## Task instructions
The entries below contain pictures, which are to be left out; write out exactly, and only, the lines from the line with "A 1:1 right" up to and including the line with "Já em 2024, de".

··· Data provided ···

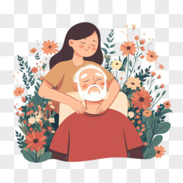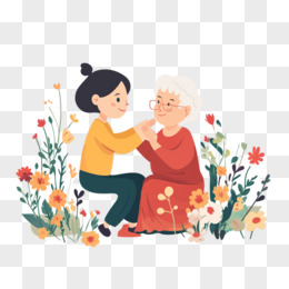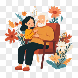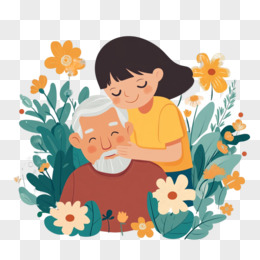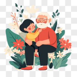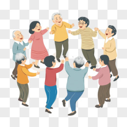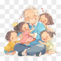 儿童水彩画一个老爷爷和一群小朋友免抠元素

···
··· Data provided ···

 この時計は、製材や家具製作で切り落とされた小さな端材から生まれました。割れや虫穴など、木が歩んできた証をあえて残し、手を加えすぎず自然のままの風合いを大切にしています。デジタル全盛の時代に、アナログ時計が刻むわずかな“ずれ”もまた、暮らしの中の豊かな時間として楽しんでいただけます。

···
··· Data provided ···

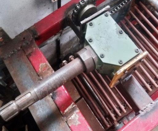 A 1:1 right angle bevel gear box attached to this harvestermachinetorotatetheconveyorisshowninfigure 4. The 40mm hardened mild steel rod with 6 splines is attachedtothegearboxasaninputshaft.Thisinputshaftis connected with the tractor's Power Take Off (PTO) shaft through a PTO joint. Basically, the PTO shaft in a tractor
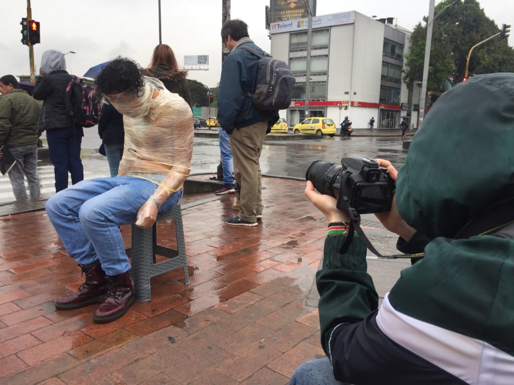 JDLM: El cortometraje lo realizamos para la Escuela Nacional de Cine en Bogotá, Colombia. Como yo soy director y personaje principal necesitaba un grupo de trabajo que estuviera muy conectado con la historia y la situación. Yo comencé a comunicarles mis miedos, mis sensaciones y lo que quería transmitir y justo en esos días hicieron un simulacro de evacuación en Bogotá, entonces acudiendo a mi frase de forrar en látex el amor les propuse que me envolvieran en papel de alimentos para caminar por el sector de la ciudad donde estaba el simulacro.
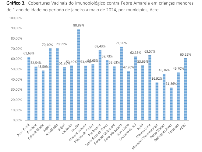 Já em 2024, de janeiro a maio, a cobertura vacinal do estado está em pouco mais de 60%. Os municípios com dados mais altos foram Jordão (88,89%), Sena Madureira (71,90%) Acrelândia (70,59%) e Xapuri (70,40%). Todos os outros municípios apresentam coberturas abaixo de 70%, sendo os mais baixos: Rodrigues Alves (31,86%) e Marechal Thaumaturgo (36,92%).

···

## Solved problem
 A 1:1 right angle bevel gear box attached to this harvestermachinetorotatetheconveyorisshowninfigure 4. The 40mm hardened mild steel rod with 6 splines is attachedtothegearboxasaninputshaft.Thisinputshaftis connected with the tractor's Power Take Off (PTO) shaft through a PTO joint. Basically, the PTO shaft in a tractor
 JDLM: El cortometraje lo realizamos para la Escuela Nacional de Cine en Bogotá, Colombia. Como yo soy director y personaje principal necesitaba un grupo de trabajo que estuviera muy conectado con la historia y la situación. Yo comencé a comunicarles mis miedos, mis sensaciones y lo que quería transmitir y justo en esos días hicieron un simulacro de evacuación en Bogotá, entonces acudiendo a mi frase de forrar en látex el amor les propuse que me envolvieran en papel de alimentos para caminar por el sector de la ciudad donde estaba el simulacro.
 Já em 2024, de janeiro a maio, a cobertura vacinal do estado está em pouco mais de 60%. Os municípios com dados mais altos foram Jordão (88,89%), Sena Madureira (71,90%) Acrelândia (70,59%) e Xapuri (70,40%). Todos os outros municípios apresentam coberturas abaixo de 70%, sendo os mais baixos: Rodrigues Alves (31,86%) e Marechal Thaumaturgo (36,92%).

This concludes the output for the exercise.